Fig. 4. miR-124a and its candidate targets. (A) An evolutionarily conserved miR-124 target site is found at the 3′ UTR of Lhx2 mRNAs in different species. Seed sequences are marked in red. Homologous sites are marked by asterisks. (B) Expression of the predicted targets of miR-124a: Lhx2, Hairy2, Gli3, NeuroD1 and Otx2 were detected by whole mount in situ hybridization. Embryos were injected with 0.05 pmol miR-124a precursor molecules into one dorsal-animal blastomere at the 8-cell stage and collected at stage 13 (anterior view), stage 20 (anterior view) or stage 33 (lateral view and dorsal view). The pink arrowhead indicates the reduced expression of Lhx2 on the injected side. Scale bars: 500 μm. (C) Luciferase assays were carried out in HEK293 cells using the pCS2-Luc-3′ UTR reporters of Lhx2, Gli3, and the positive (anti-miR-124a) and negative (Pax6) controls. Luciferase activity after transfection of the miR-124a precursor (pre-124a) or control precursor (pre-control) was normalized by that of the control cells without precursor transfection. Data are expressed as the means of three independent transfections ±SD, each carried out in triplicate. Asterisks indicate where the miR-124a transfected group was significantly different from the control precursor group (P < 0.05). (D) In situ hybridization detection of miR-124a and Lhx2 expression in Xenopus embryos at stage13 (anterior view), stage 20 (anterior view) and stage 33 (transection at the eye-level). Scale bars: 300 μm (stage 13, stage 20); 100 μm (stage 33).

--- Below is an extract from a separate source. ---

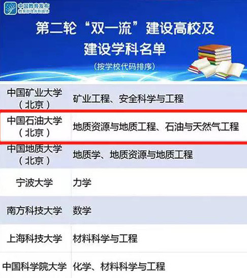 2月14日,教育部网站发布了《关于深入推进世界一流大学和一流学科建设的若干意见》,公布了第二轮“双一流”建设高校及建设学科名单。中国石油大学(北京)入选第二轮“双一流”建设高校,地质资源与地质工程、石油与天然气工程两个学科入选第二轮“双一流”建设学科。

Fig. 5. miR-124a overexpression inhibits cell proliferation during retinogenesis. miR-124a or control miRNA precursor (0.025 pmol) was co-injected with GFP mRNA into one dorsal-animal blastomere of a Xenopus embryo at the 8-cell stage, and cell proliferation was detected by BrdU incorporation. (A and B) Transversal section of a stage 33 embryo at the level of the eye showing that the number of proliferating cells (BrdU-positive, red) on the miR-124a overexpressed side (miR-124a) was much lower than that on the control side (C). All cell nuclei were counterstained with Hoechst 33258 (blue). Scale bar: 100 μm. (C) The ratio of proliferating retinal cells (BrdU-positive/Hoechst-labeled cells) in either the injected side (inj) or the control side (C) of embryos injected with miR-124a (pre-miR-124a) or control (pre-control) precursors. Data are expressed as means ± SE from twelve sections of four embryos. A significant difference (**P < 0.01 by one-way ANOVA followed by Duncan’s test) between the mean ratios between the injected and control sides was only detected for pre-miR-124a injected embryos.